Cet article aurait dû être publié au mois de novembre dernier. Dans le tourbillon du quotidien : il est resté inachevé. Je le termine aujourd’hui car il est important pour moi de laisser une trace pour mon enfant.

2007 – 2017. J’ai beau essayé de me dire que ce n’est qu’un rêve, mais rien n’y fait, j’ai pourtant essayé de laisser passer les saisons. Mais pas une minute ne se passe sans que je ne pense à toi. J’avais l’espoir qu’avec le temps son souvenir soit moins douloureux mais est-ce vraiment possible d’oublier une disparition pour laquelle nous n’étions pas prêt ? Il y a 10 ans, j’ai perdu ma grand-mère, je venais à peine d’arriver en métropole. C’est l’une des pertes les plus marquantes de ma vie, j’ai pris conscience à cet instant, à 19 ans que les gens que l’on aime partent pour toujours. Inévitablement. Elle m’a laissé un héritage précieux, que peu de membres de ma famille ont saisi c’est le courage d’être moi. Envers et contre tous.

Je ne suis pas du genre à angoisser, ni à ressasser le passé mais j’ai toujours une période où je suis mélancolique et cela commence avec son souvenir. C’était l’une des rares personne à être profondément fière de moi. Elle était d’une franchise déconcertante et ce jusqu’à la fin : c’est pourquoi j’ai toujours eu une admiration sans faille face à son honnêteté. Elle avouait ses forces comme ses faiblesses, ses victoires comme ses échecs avec une facilité que j’ai rarement rencontré dans ma vie. 
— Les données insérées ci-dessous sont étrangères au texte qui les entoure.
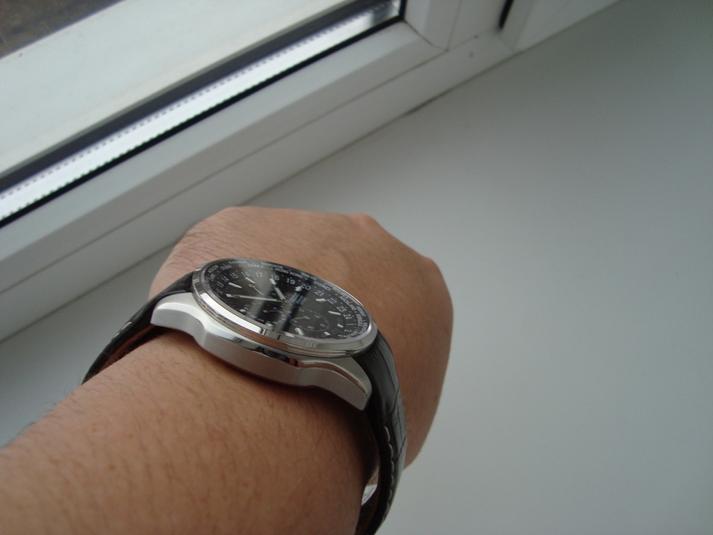 о самих часах. В часах стоит механизм 46H (EY); 23 камня; автоподзавод (ручного подзавода и стоп-секунды нет); плоское сапфировое стекло (какое стекло на задней крышке не знаю); водозащита 100 метров; точность хода, заявленная производителем +25/-15 сек/сутки. Функции - отображение часов, минут, секунд, дата, индикатор запаса хода, мировое время GMT в 24 часовых поясах (по городам). Кожаный глянцевый ремешок чёрного цвета, стилизованный под кожу крокодила. Застёжка "бабочка", что очень удобно.
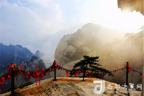 華山日出亦被列為華山自然風(fēng)光中的重要景觀之一。是時(shí),但見夜幕自東方悄然隱退,晨曦初露,漸漸霞光瑰麗,云源奔涌。瞬間,一輪火球噴薄而出,繼而光芒四射,氣象萬千,整個(gè)世界大放光明,游人身心為之一振。待云霧散盡,蒼松翠柏,則更加清麗悅目,美妙神奇。故而,游名山者必登華山,登華山者必觀日。
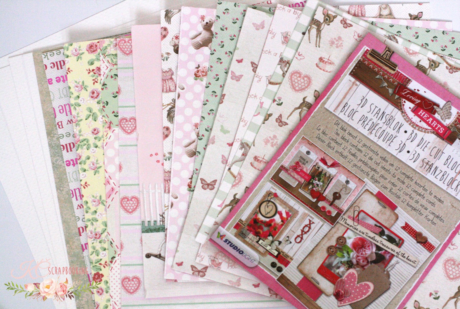 Neodolala som bielym papierom s embossovanými bodkami (akoby vypuklinky), dievčatkovskej sade krásnych papierov s rôznymi efektmi (fóliované, glitrované, štrukturované) a romantickej papierovej stavebnici. Moju tvorbu s ňou ste už mohli vidieť v tomto príspevku. Je sladká a vo vintage štýle, niektoré obrázky naozaj nemajú chybu a vyzerajú ako živé, napr. štipčeky či výšivky.
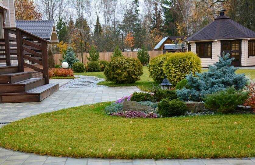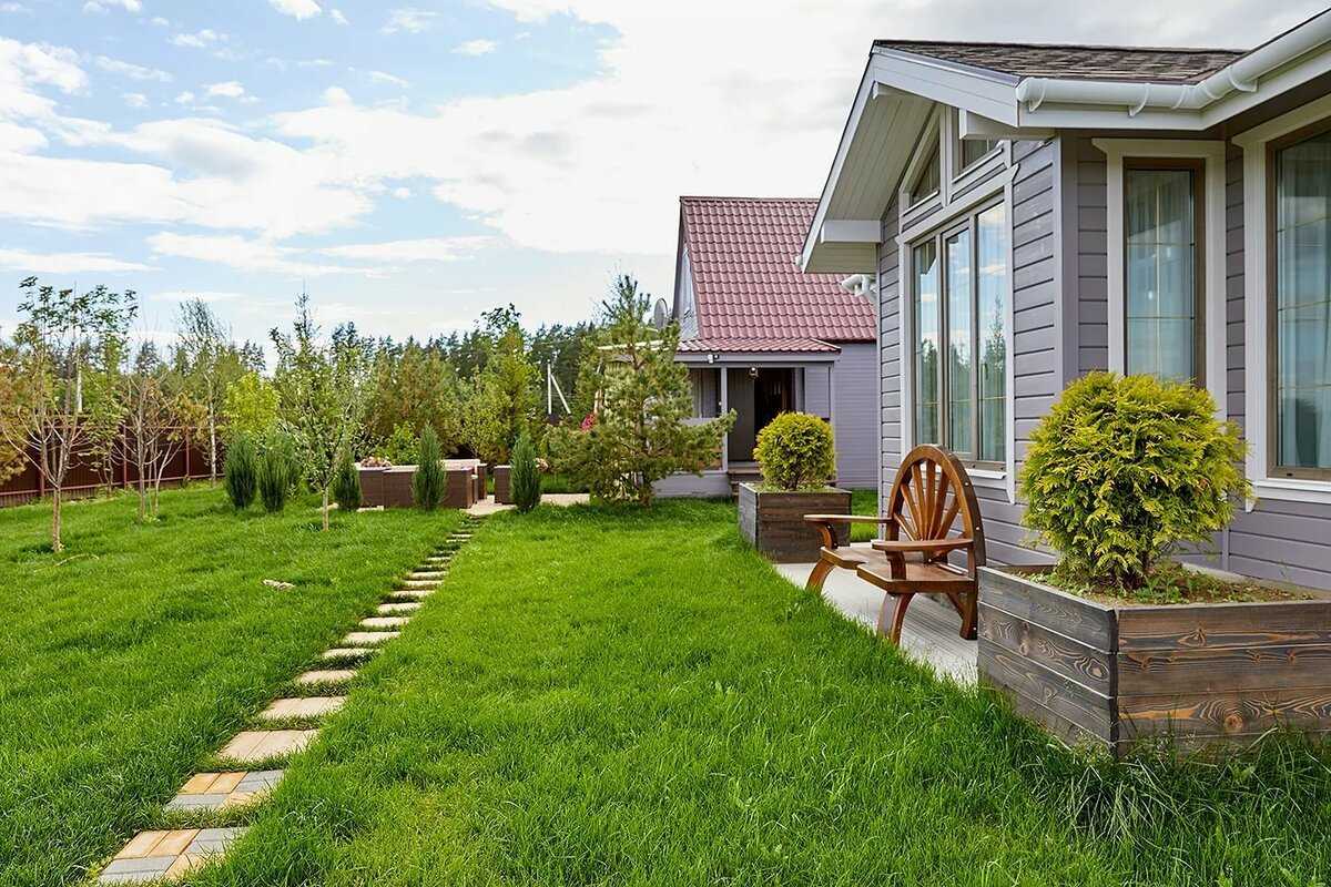 Дачный дом в скандинавском стиле как будто окружен лоскутком леса. На участке в скандинавском стиле должно быть много хвойных культур, кустарников и травы.

Cette année 2017 a été d’autant plus particulière car je suis devenue maman. J’ai endossé ce rôle et inévitablement j’ai pensé à ma fille : et si je venais à disparaitre ? Que voudrai-je lui léguer ? Qu’est-ce que je voudrai qu’elle retienne dans l’éducation que je lui ai transmise ?

N’attends rien des autres

Je n’ai jamais eu d’autre choix que d’assurer seule dans la plupart de mes combats. D’ailleurs très peu de gens savent ce que j’ai pu traverser dans ma vie, parce que je ne me confie pas tellement mais surtout parce que je n’ai jamais eu l’opportunité de pouvoir raconter librement cette partie-là de moi. Alors j’ai appris malgré moi en toute autonomie à m’en sortir seule. J’ai toujours rêvé d’avoir une meilleure amie qui me connaît mieux que personne, à qui je pouvais confier mes secrets mais la vie ne m’a pas offert cette chance. Le temps passant, je ne pense pas rencontrer cette personne afin de raconter mes plus profondes blessures et bien que cela me manque, j’ai le mérite de ne rien devoir à personne. J’ai véritablement touché le fond, j’ai vécu des choses tellement irréalistes mais surtout j’ai tellement cru que l’on allait me sortir de là avant de comprendre que j’étais la seule qui pouvait résoudre ce mauvais karma.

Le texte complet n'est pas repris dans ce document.